Fig. 1. (a) Four microtubule binding sites: colchicine (orange), laulimalide (red), taxol (green) and vinblastine (yellow). α and β tubulins are shown in pink and blue, respectively. (b) Structures of the representative compounds.

Fig. 1

Plinabulin was developed from the natural cyclic diketopiperazine (DKP) derivative ‘‘phenylahistin”, which was isolated from Aspergillus ustus.14,15 Currently, plinabulin is in phase III clinical trial for treatment of non-small cell lung cancer.16 For structure–activity relationship study, a series of diketopiperazine (DKP) derivatives were synthesized and their biological activities were evaluated.17,18 Notably, there was a correlation between the dissociation constants of the inhibitors binding to tubulin (Kd) and the IC50 values against human colon cancer cell lines HT-29.17,18

For further rational drug design, seven DKP derivatives including plinabulin were synthesized (Fig. 2), and their anti-proliferative activities were evaluated against human pancreatic cancer cell line BxPC-3 and human lung cancer cell line NCI-H460. The structure–activity relationship and interaction mechanisms of the derivatives were explored by molecular docking combined with MD simulation. Both structural analysis and binding free energy calculations provided us valuable information for development of novel tubulin polymerization inhibitors as anticancer agents.

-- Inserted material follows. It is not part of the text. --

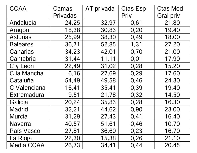 - Ctas Esp Priv = Consultas por habitante y año a especialistas del sector sanitario privado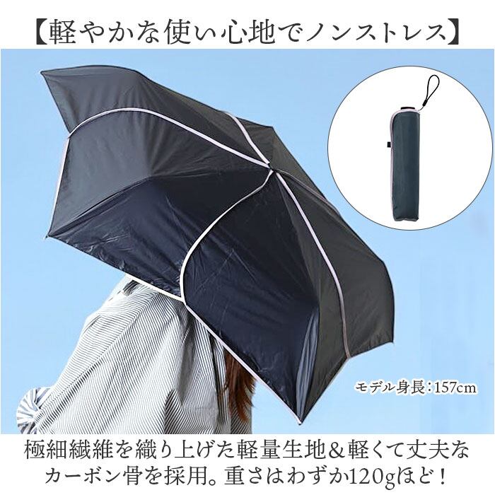 ・極細繊維を織り上げた軽量生地&軽くて丈夫なカーボン骨を採用。重さはわずか120gほど!

Fig. 2. Structures of the synthesized diketopiperazine derivatives.

Fig. 2

2. Experimental

2.1. Synthesis of the diketopiperazine derivatives

These derivatives were synthesized according to our previous published reaction routes with necessary modification.19 The structures were characterized by MS and 1H-NMR (see ESI). The purities of these compounds were determined by HPLC.

2.2. SRB assay

Human cancer cell lines NCI-H460 and BxPC-3 were purchased from American Type Cell Culture Collection (ATCC, USA). Sulforhodamine B (SRB) assay was widely used for in vitro measurement. Both human lung cancer cell line NCI-H460 and human pancreatic cancer cell line BxPC-3 were cultured in RPMI-1640 media with 2 mM glutamine and 100 U per mL penicillin. Next, BxPC-3 and NCI-H460 cells at logarithmic growth phase were seeded in 96-well plates at 5000 cells per well. Plinabulin derivatives at different concentrations were added into the wells. After incubation for 72 h, 50 μL of stock solution of 50% TCA was added to each well at 4 °C. Then, the 96-well plate was placed at 4 °C for 1 h. Then, 70 μL of 0.4% SRB (w/v) solution in 1% acetic acid was added to each well. The plate was placed at room temperature for 30 min, and then washed with 1% acetic acid five times to remove unbound SRB. Then, 150 μL of 10 mM Trizma base solution was added into each well to solubilize the bound SRB. Finally, the absorbance of 96-well plate was measured using a microplate reader (SpectraMax I3, Molecular Devices, USA) at 540 nm.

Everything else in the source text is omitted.